The process responsible for copying data from primary instance to the replica is called replication. You can think of it as ongoing one-direction data transfer constantly operating in the background. Replication serves as the exclusive method for introducing new data to the replica. With replication, we can:
-
Enhance Fault Tolerance: By maintaining identical copies of data on multiple servers, replication improves fault tolerance. If the primary server fails, the replica can seamlessly take over, ensuring continuous availability of data.
-
Scale Read Operations: Replication enables distributing read queries across multiple replicas, reducing the load on the primary server. This scalability enhances the overall performance of the system, especially in read-heavy environments.
-
Support High Availability: With synchronous replication, where transactions are replicated to standby servers before being committed, PostgreSQL ensures high availability and data consistency. In case of primary server failure, standby servers
There are two types of replications
- Logical replication
- Physical replication
Logical replication
Logical replication works differently, it sends only rows changes for committed transactions. Roughly speaking it is somewhat equivalent to replaying same SQL instructions on replica just after it has been executed by primary instance.
Physical replication
Physical replication operates at low binary level by sending whole WAL entries from primary instance to the replica. This form of replication demands binary compatibility between the primary instance and replicas — meaning they must share the same PostgreSQL version and operate under the same operating system.

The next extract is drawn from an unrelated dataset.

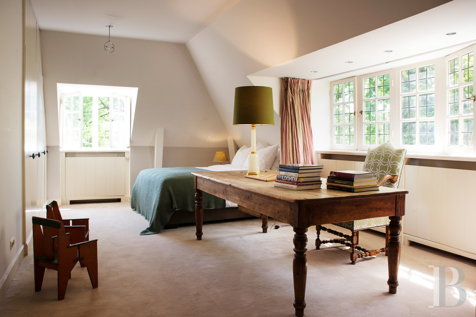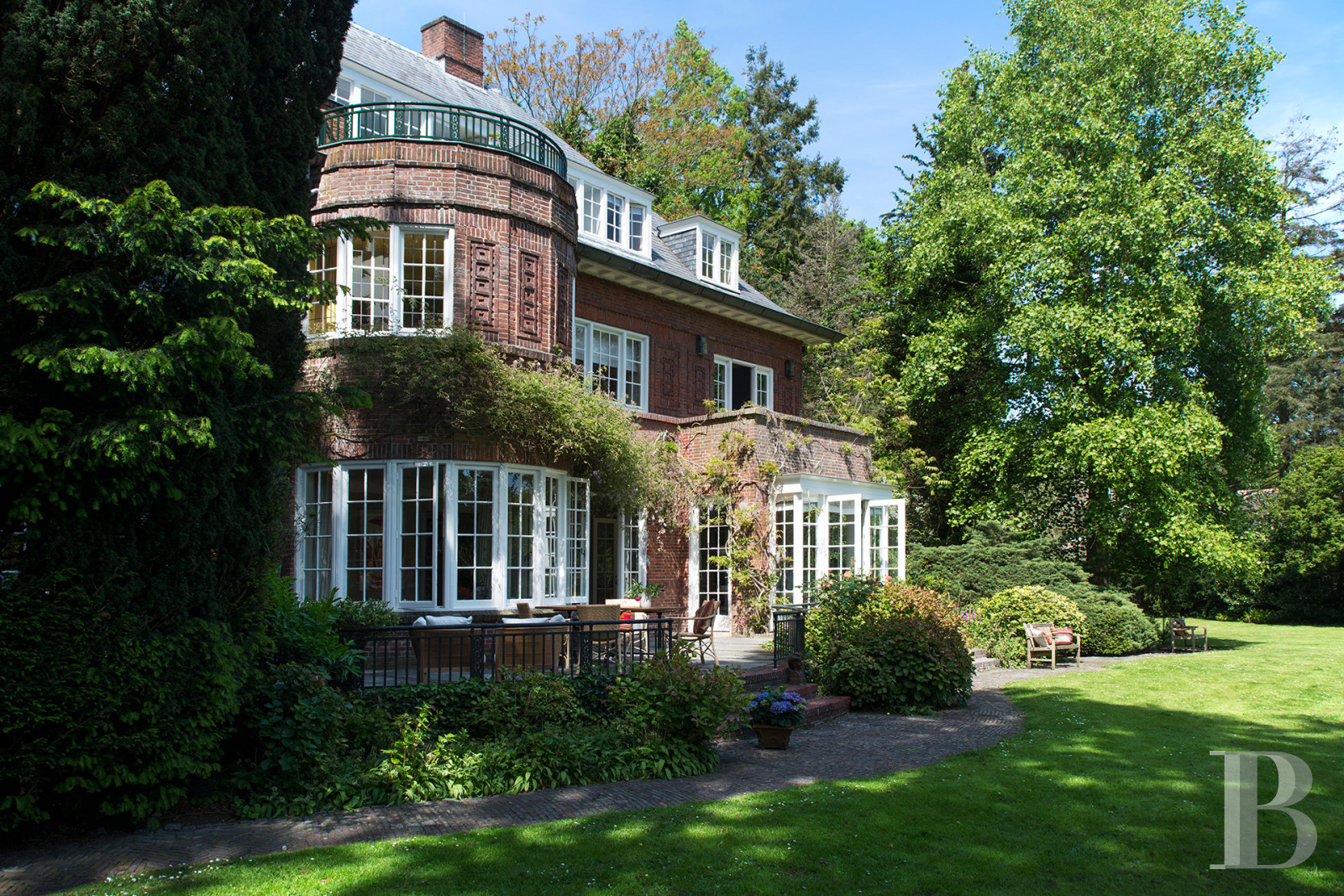 The roofs extend like wings, the lines recede towards the horizon without ever straightening, and the rounded oriels punctuate the façade with their gentle curves. Co Brandes designed the De Roemer villa between the wars, drawing on Frank Lloyd Wright's art of horizontality and combining it with English curves that soften the geometric rigour. The architect, whose name remains engraved in the landscape of The Hague and Wassenaar, delivers one of his most accomplished works here. The villa does not rise, it stretches. The widely overhanging roofs cast moving shadows on the walls, sculpting the light as the hours pass. The round oriels capture the daylight and make it dance around the rooms. The garden envelops the house in a preserved tranquillity, as if Wassenaar had managed to hold on to the interwar period. An architecture where America and England, modernity and tradition, sweeping gestures and intimate curves meet.

Let’s create two postgress instances one for primary postgres_primary
one as replica postgres_replica
version: '3.8'
x-postgres-common:
&postgres-common
image: postgres
user: postgres
restart: always
healthcheck:
test: 'pg_isready -U user --dbname=postgres'
interval: 10s
timeout: 5s
retries: 5
services:
postgres_primary:
<<: *postgres-common
ports:
- 5432:5432
environment:
POSTGRES_USER: user
POSTGRES_DB: postgres
POSTGRES_PASSWORD: password
POSTGRES_HOST_AUTH_METHOD: "scram-sha-256\nhost replication all 0.0.0.0/0 md5"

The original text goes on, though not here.